James Thurber’s 1942 story “The Catbird Seat” is one of the crueler classics in the American canon. It’s a revenge story in which a mild-mannered accountant, one of the army of faceless and unimaginative cogs organized into the corporate wheels, decides to kill an efficiency expert whose decisions are causing lay-offs and streamlined procedures that threaten his dull world. Since the expert is a woman, there’s an inevitable sense of the sexist fear of women in the previously male domain of the workplace. From the accountant’s point of view, she’s presented as an interloper of annoying mannerisms and phrases, like her use of “catbird seat”.
This story is filmed more or less faithfully while being transferred to Edinburgh: “A man’s world, a world in which the shortest skirts are worn by man” declares the narrator (Sam Wanamaker). In the clothing firm called MacPherson Tweeds, the cloth is hand-woven by families in the Hebrides and nothing has changed since the company was founded by the current owner’s grandfather. The latest MacPherson (Robert Morley) falls under the spell of outgoing American consultant Angela Barrows (Constance Cummings), who begins modernizing and updating the systems of filing, accounting and manufacture.
Perceiving her as a radical of noise and automation, Mr. Martin (Peter Sellers) embarks on a plan — stolen from a movie he watches — to perform the perfect murder. This leads to the comic highlight, in which his various attempts echo the best-laid plans of Preston Sturges’ Unfaithfully Yours (1948). The film ends as the story does, but softens the blow with a little more sentiment.
Although its title bluntly reduces the battle along gender lines, the story’s updates and transferences make two other battles equally clear: between America and the Old World, and between the modern and traditional. The woman is seen not only as female, but as specifically American and modern, therefore loud and sharp and efficient and up to date — none of which are welcome to a hidebound, hierarchical, all-male, old-fashioned institution, although she’s clearly making herself pleasant to MacPherson.
Thanks to the narration and the reaction of supporting players like Donald Pleasence, the movie pushes most heavily on the misogynist theme. The irony is that while the divorced Mrs. Barrows might be a fish out of water, many of her ideas (like the intercom and adding machines) aren’t unreasonable. Her push to innovate machine-made synthetic fibers is treated as a crass sacrilege, but she’s only bringing news of the outside world that would probably increase production and profits (at the expense of built-to-last quality). She does represent a conundrum.

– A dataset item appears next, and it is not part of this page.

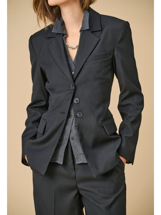 Elegante blazer met klasieke snit. Met button down revers kraag en een getailleerde pasvorm. Deze blazer heeft 2 sier klepzakken.

As played by Cummings (who appeared in previous films by writer-producer Monja Danischewsky), she’s not completely unsympathetic, especially during the last act. Played by a British actress, Mrs. Barrows is depicted as a peculiarly American species of loud, opinionated, self-confident woman, and the film plays upon fears that she’s taking over the world. While it’s convenient for the narrative to associate these things with the feminine in order to personalize the story, the American ways of production feared by the film don’t originate in gender roles, and the movie is really playing to local English (or Scots) resentments of new-fangled Yanks and their brash success. The sexual alibi is a sneaking strategy to make it “universal”, i.e., playable in American theaters.

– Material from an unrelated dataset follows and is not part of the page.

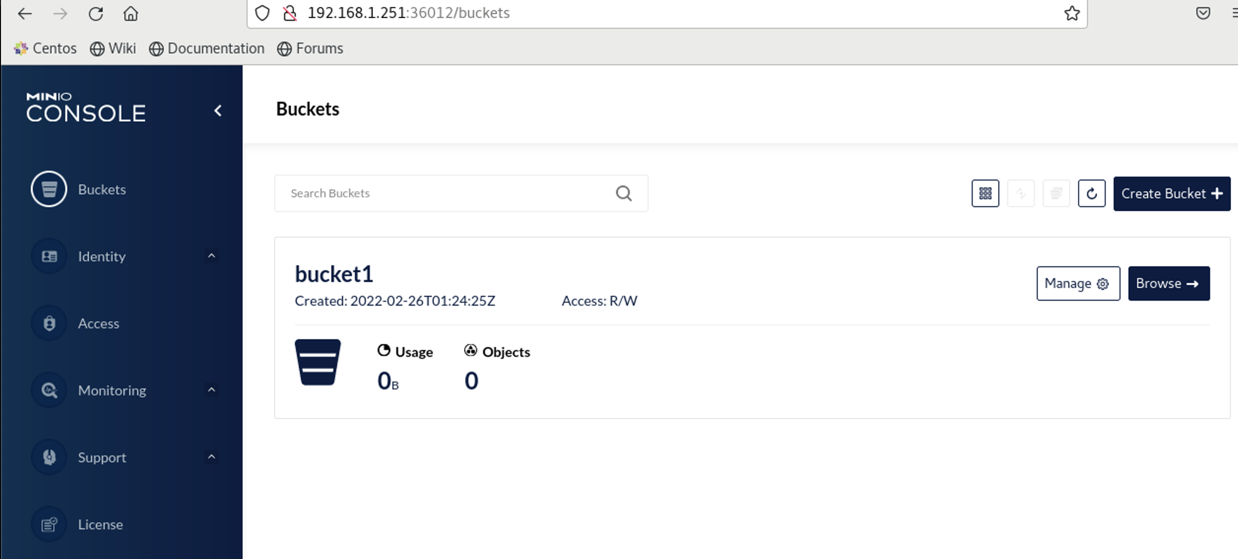 Instead of getting mc I am just going to browse to my minio GUI and create a bucket

Danischewsky, whose family fled the Russian Revolution, worked for Ealing and other British studios. His career shows a trend for writing and/or producing comedies with a streak of anti-authoritarian rebellion (Whiskey Galore in 1949, Rockets Galore in 1957), undermining of middle class life (Meet Mr. Lucifer, a 1953 comedy on the evil of television), or a focus on outright crooks (the 1964 heist film Topkapi).

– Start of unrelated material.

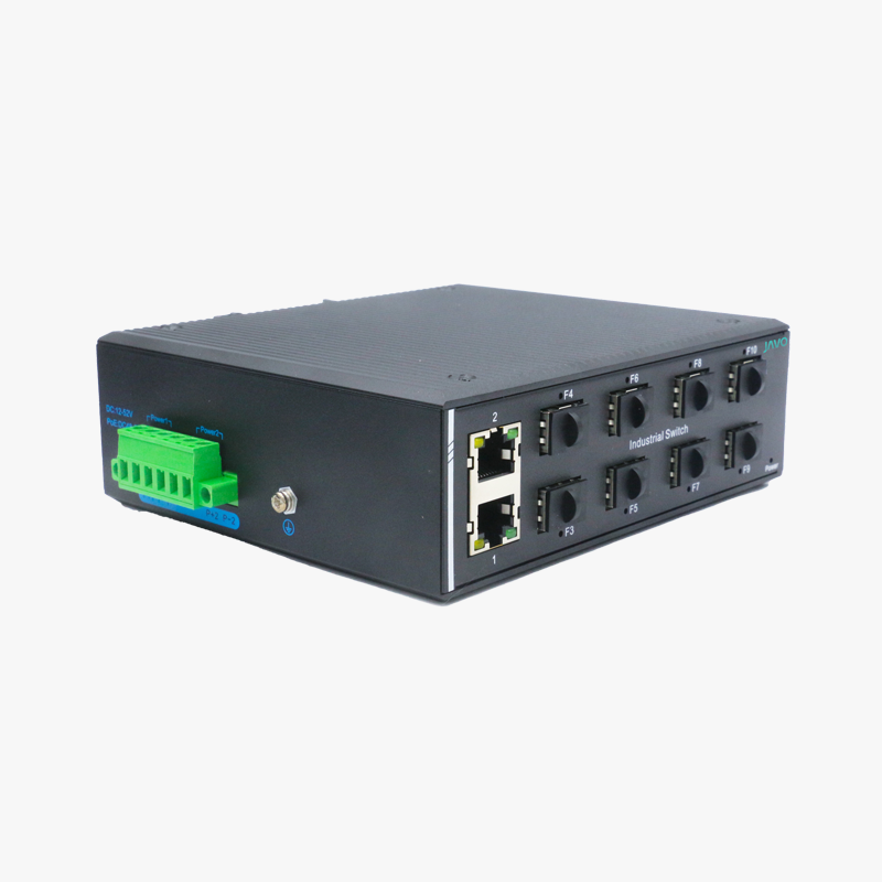 支持2个100Base-T/1000Base-TX电口和8个1000Base-X光口。产品符合FCC、CE、ROHS标准。JV-S82G-SFP交换机具有-40℃~80℃的工作温度,具有超强的坚固度能适应各种严苛环境,也可以非常方便的安置在空间紧凑的控制箱中。导轨的安装特性、宽温操作及拥有IP40防护等级的外壳及LED指示灯,使JV-S82G-SFP成为一个即插即用的工业级设备,为用户的以太网设备联网提供可靠、便捷的解决方案。

Made by the independent Bryanston Films, The Battle of the Sexes is right in line with these films, and also with director Charles Crichton’s own themes. His most famous Ealing comedy, The Lavender Hill Mob (1951), is also about a meek and unassuming clerk who quietly becomes a criminal mastermind, while 1958’s Law and Disorder pits a resolute career criminal (Michael Redgrave) against a judge (Morley). The Titfield Thunderbolt (1953) follows a community’s effort to preserved its quaint traditions in the face of the efficient and dehumanized modern world. Finally, Crichton’s output has a streak of cruelty, most obvious in A Fish Called Wanda (1988).
Crichton directs in a quietly beautiful style. Never has stuffy claustrophobia looked so sharp and smooth, as shot by Freddie Francis and edited by Seth Holt, who would both be directing horror films by the end of the decade. Also in the film are Scottish actor James Clark and, in a cameo as the dying elder MacPherson, Ernest Thesiger of The Bride of Frankenstein (1935). Kino Lorber’s Blu-ray offers a great-looking print without extras.